__Stored data__.
☆ ☆ ☆ ☆

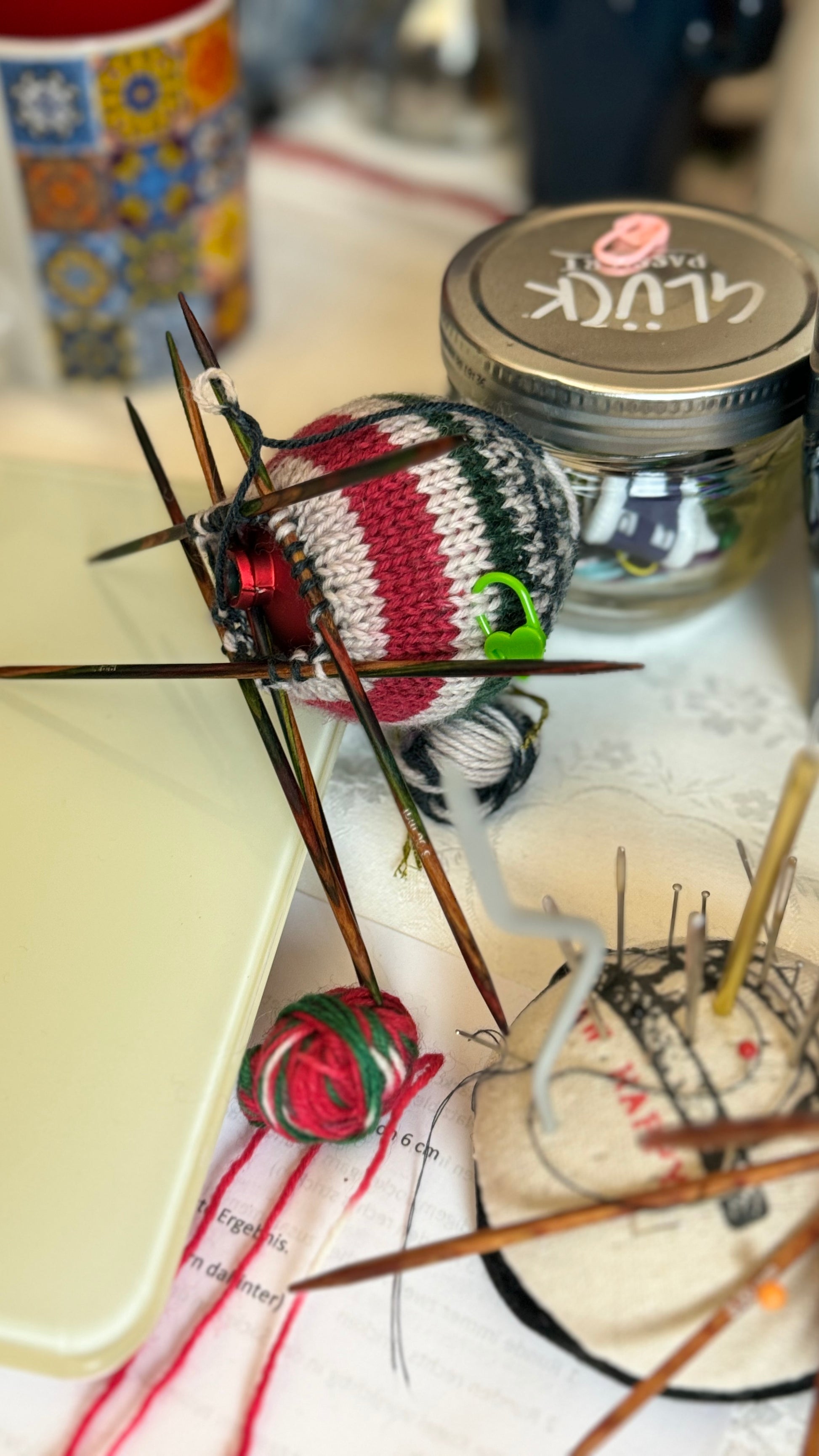 Tauche ein in die vorweihnachtliche Stimmung und werde kreativ! Unter der Leitung von Karin Küster stricken wir in diesem besonderen Workshop aus Wollresten festliche Hüllen für alte Weihnachtskugeln. Dieses nachhaltige Projekt bringt nicht nur Spaß, sondern verleiht deinem Weihnachtsbaum eine ganz persönliche Note. Ein echtes „Must-Have“ für jedes Strickherz! 🎄✨
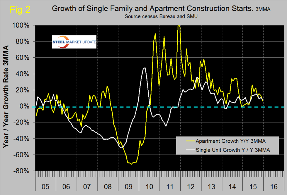 In the first half of 2015 the North East had the highest growth rate driven as mentioned above by apartment construction in New York state but now that has cooled. The South had the most consistent growth in 2015.
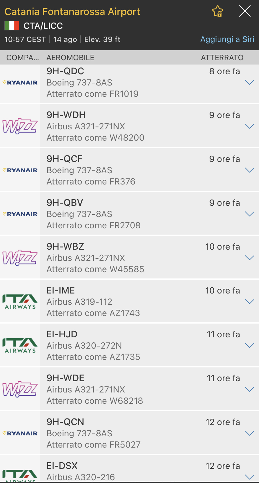 Quattro sono Ryanair, tre di Wizz Air e tre di iTA Airways. Poi uno di easyJet e uno della JetStream Charter.
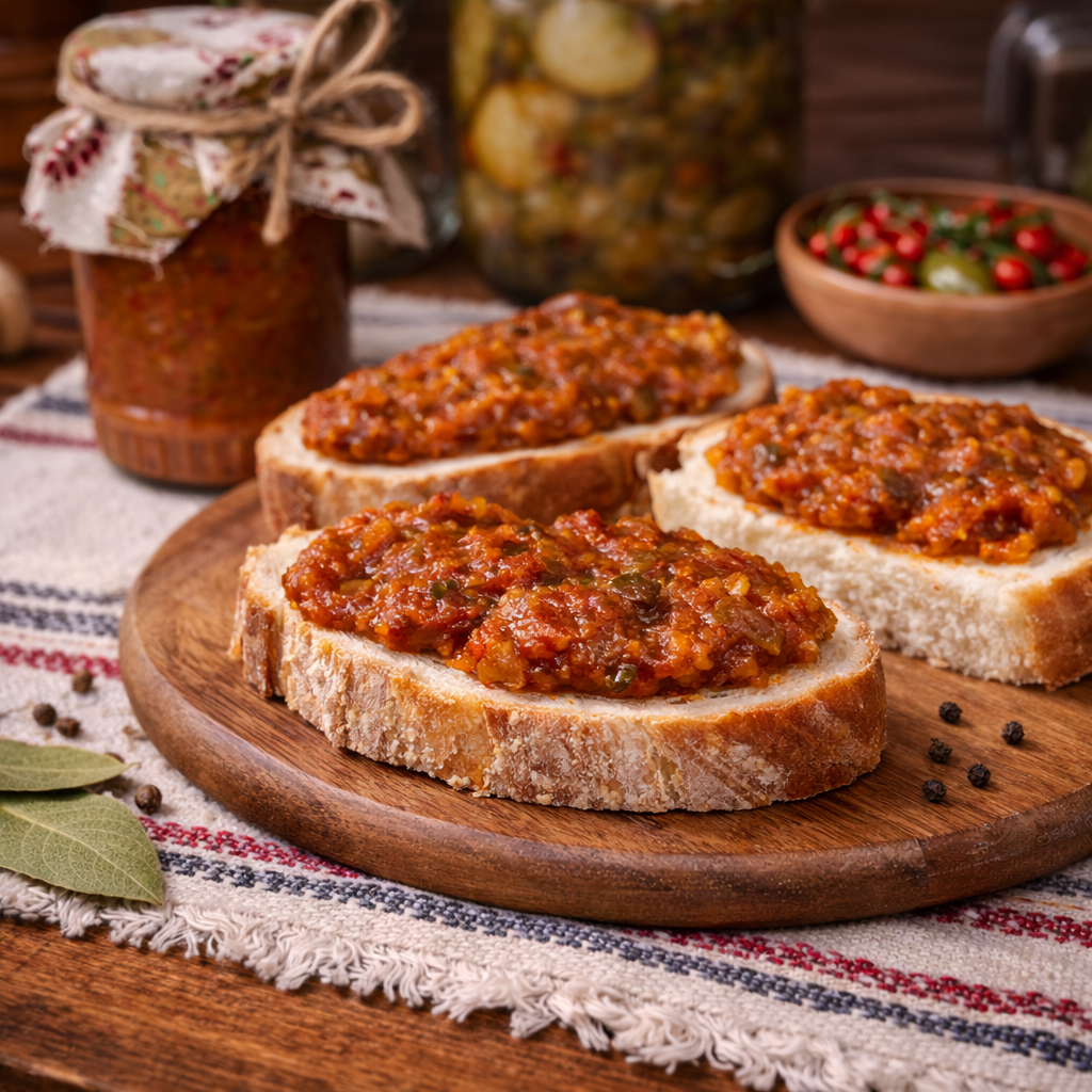 Zacusca cu vinete este ideala pe paine proaspata,

☆ ☆ ☆ ☆

__Task instructions__. The material is to be written out word for word, and the pictures are to be left out.

__Output of the exercise__.
 Tauche ein in die vorweihnachtliche Stimmung und werde kreativ! Unter der Leitung von Karin Küster stricken wir in diesem besonderen Workshop aus Wollresten festliche Hüllen für alte Weihnachtskugeln. Dieses nachhaltige Projekt bringt nicht nur Spaß, sondern verleiht deinem Weihnachtsbaum eine ganz persönliche Note. Ein echtes „Must-Have“ für jedes Strickherz! 🎄✨
 In the first half of 2015 the North East had the highest growth rate driven as mentioned above by apartment construction in New York state but now that has cooled. The South had the most consistent growth in 2015.
 Quattro sono Ryanair, tre di Wizz Air e tre di iTA Airways. Poi uno di easyJet e uno della JetStream Charter.
 Zacusca cu vinete este ideala pe paine proaspata,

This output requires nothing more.